Chicago Sun-Times critic Roger Ebert gave the film two and a half out of four stars and described the film as "more-than-passable summer entertainment, especially when it identifies with the yearnings of its young heroes to get behind the wheel." He said the first half of the film was "very funny" but the second half was "much more predictable".

==Music==
- Track listing

1. "Drive My Car" by Breakfast Club – 3:13
2. "Sweet Surrender" by Brenda K. Starr – 4:50
3. "I Feel Free" (extended version) by Belinda Carlisle – 6:55
4. "Time Starts Now" by Boys Club – 4:28
5. "Get Outta My Dreams, Get into My Car" by Billy Ocean – 4:43
6. "Crucial" by New Edition – 4:30
7. "One More Dance" by Jonathan Butler – 4:32
8. "Jazzy's in the House" by DJ Jazzy Jeff & The Fresh Prince – 2:55
9. "Touch and Go" by Femme Fatale – 3:57
10. "Make Some Noise" by Slave Raider – 3:28

Songs played in the film, but not on the soundtrack
1. "Mercedes Boy" by Pebbles – 3:54 (single remix)
2. "Rush Hour" by Jane Wiedlin – 4:03
3. "Strangers in the Night" by Frank Sinatra
4. "That's Life" by Frank Sinatra
5. "Saturday Night (Is the Loneliest Night of the Week)", by Jerry Wright
6. "Waiting for the Big One" by Femme Fatale
7. "Trouble" by Nia Peeples

==Home media==
License to Drive was first released on VHS by CBS/Fox Video in December 1988. It was notable that some VHS versions of the film replaced the Nia Peeples song "Trouble" with "New Sensation" by INXS.

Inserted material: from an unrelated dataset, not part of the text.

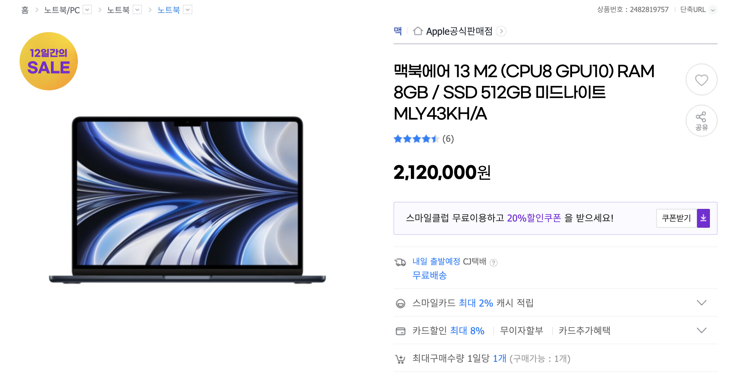 위 177만원에서 - 7만원 혹은 - 5만원이 더 가능해서 최저가 170만원 혹은 172만원에 위 스펙의 맥북에어 M2를 구매할 수 있음.

A special edition DVD was distributed by Anchor Bay Entertainment in the United States in May 2005. Special features included interviews with Corey Haim and Corey Feldman, audio commentary with Greg Beeman and Neil Tolkin, deleted scenes, TV spots, theatrical trailers, and the film's screenplay (DVD-ROM).

In January 2012, Anchor Bay released the film on Blu-ray.

==Unmade sequel and trilogy==
In an interview on Larry King Live, on March 10, 2010, the day of Corey Haim's death, Corey Feldman claimed that he and Haim had been developing a sequel, titled License to Fly, an idea initiated by Haim. Feldman also claimed that there were tentative plans for a trilogy, with a third installment called License to Dive.

==Reboot==
As of 2017, Fox Studios and Davis Entertainment were developing a female-driven reboot based on the film.